Sunday, June 1, 2014

General Sir Henry Clinton in General Officers' Undress Uniform, 1777 (c).

Miniature, watercolour on ivory, by John Smart, 1777 (c).
Henry Clinton (1738-1795) was born in Newfoundland and grew up in New York, where his father served as Royal Governor. In 1751 he went to England and gained a commission in the Coldstream Guards. By 1758 he had risen to be lieutenant-colonel in the Grenadier Guards. During the Seven Years War (1756-1763), Clinton distinguished himself as an aide-de-camp to Duke Ferdinand of Brunswick. He was promoted to full colonel in 1762 and wounded at Johannesburg in August of that year. Clinton was promoted to major-general in 1772, in which year he obtained a seat in Parliament (held until 1784) through the influence of his cousin Henry Pelham-Clinton, Duke of Newcastle. In 1775 he sailed for America.

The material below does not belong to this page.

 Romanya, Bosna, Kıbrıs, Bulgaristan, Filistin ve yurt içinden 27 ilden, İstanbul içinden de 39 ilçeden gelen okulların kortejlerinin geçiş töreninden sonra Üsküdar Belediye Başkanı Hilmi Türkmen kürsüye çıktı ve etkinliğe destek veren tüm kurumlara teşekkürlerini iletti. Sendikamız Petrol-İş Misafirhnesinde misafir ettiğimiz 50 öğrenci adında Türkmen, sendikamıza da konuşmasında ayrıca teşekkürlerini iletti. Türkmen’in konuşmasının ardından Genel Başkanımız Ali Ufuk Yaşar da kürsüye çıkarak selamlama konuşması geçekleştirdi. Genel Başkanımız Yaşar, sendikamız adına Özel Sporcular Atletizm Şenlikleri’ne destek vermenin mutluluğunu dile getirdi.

Clinton played a major role in the American War of Independence (1775-1783). He took part in the battles of Bunker Hill and Long Island, subsequently taking possession of New York. In March 1778, following the defeat at Saratoga, Clinton replaced General Howe as Commander-in-Chief in America. The following year he invaded South Carolina and in 1780 captured Charleston.

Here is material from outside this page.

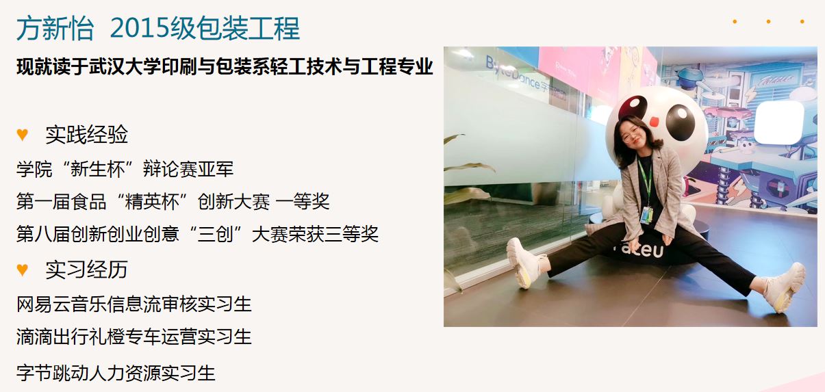 方新怡是2015级包装工程毕业生,她讲述自己大学期间,学习了很多软件,这让她发表文章的数据图表更加美观和合理;加上坚实的工科基础知识和系统的专业知识,研究生阶段学习更加得心应手。大学期间,她经常关注各大公司招聘官网的实习生板块,并投上简历,因此获得在网易、滴滴、字节跳动等多家公司实习机会,积累了丰富的体验。她推荐《把时间当做朋友》这本书,书中观点认为并非有兴趣才能把一件事做好,而是在做事情过程中才会产生把事情做好的兴趣和动力。她鼓励学弟学妹们要脚踏实地,先把握好当下,必定与美好的未来不期而遇。
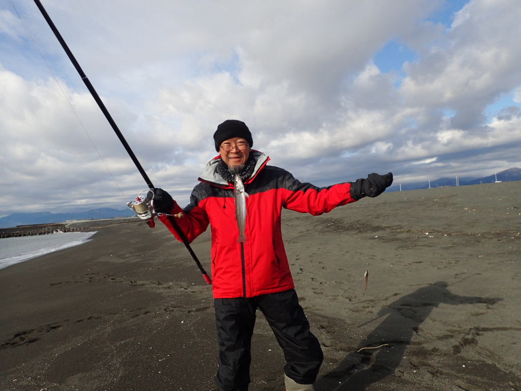 新春2日、相模川馬入河口で初釣りを楽しんできた。新年早々からお凸は嫌だ!・・で、小生は浜中央部に陣取った1投目から、3色半でピンギスが付いてきた。アタリは小さく決して面白く無かったものの、今年の初物だし、これで顔も見れた。少し遅れて来たジャンボ二宮さん、ゆっくり支度を整え第一投・・。間もなく、にこやかな顔に!! 波間から顔を出したのは、実に20センチを超えるヒネとピンの一荷だった!

For services during the American war he was promoted to lieutenant-general and awarded a knighthood. Friction, however, was constant between him and Lord Cornwallis, his second in command, and in 1782, after the surrender at Yorktown, he was replaced as Commander-in-Chief by General Sir Guy Carleton. Clinton was re-elected to Parliament in 1790, and he was promoted to full general in October 1793.
Copy and photo from National Army Museum.